__What you have to do__: Copy, word for word, the lines of the entries below between the one with "3年生は理科の学習で植物や動" and the one with "The only hoops", inclusive, and leave out everything else.

__Supplied data__:
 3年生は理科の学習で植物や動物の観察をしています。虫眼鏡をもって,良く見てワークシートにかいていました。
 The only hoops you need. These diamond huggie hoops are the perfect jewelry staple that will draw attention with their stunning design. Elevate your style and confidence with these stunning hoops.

--

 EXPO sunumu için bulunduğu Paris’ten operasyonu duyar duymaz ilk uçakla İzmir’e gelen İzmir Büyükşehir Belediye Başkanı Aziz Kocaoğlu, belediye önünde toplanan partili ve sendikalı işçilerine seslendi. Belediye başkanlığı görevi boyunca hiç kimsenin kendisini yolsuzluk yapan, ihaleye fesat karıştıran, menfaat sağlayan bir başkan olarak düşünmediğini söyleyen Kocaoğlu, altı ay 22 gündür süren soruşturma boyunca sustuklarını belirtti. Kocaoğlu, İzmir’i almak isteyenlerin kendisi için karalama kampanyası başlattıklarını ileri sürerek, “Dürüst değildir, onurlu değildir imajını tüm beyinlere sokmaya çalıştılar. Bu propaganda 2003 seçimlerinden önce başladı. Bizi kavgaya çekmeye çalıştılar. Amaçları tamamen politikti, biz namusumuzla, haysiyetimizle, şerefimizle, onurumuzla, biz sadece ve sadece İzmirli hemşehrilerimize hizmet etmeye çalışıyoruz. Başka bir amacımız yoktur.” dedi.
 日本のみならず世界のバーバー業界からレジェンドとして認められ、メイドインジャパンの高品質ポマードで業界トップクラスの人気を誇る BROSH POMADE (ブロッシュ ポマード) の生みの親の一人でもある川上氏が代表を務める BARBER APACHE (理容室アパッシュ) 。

__Result of the task__:
 3年生は理科の学習で植物や動物の観察をしています。虫眼鏡をもって,良く見てワークシートにかいていました。
 The only hoops you need. These diamond huggie hoops are the perfect jewelry staple that will draw attention with their stunning design. Elevate your style and confidence with these stunning hoops.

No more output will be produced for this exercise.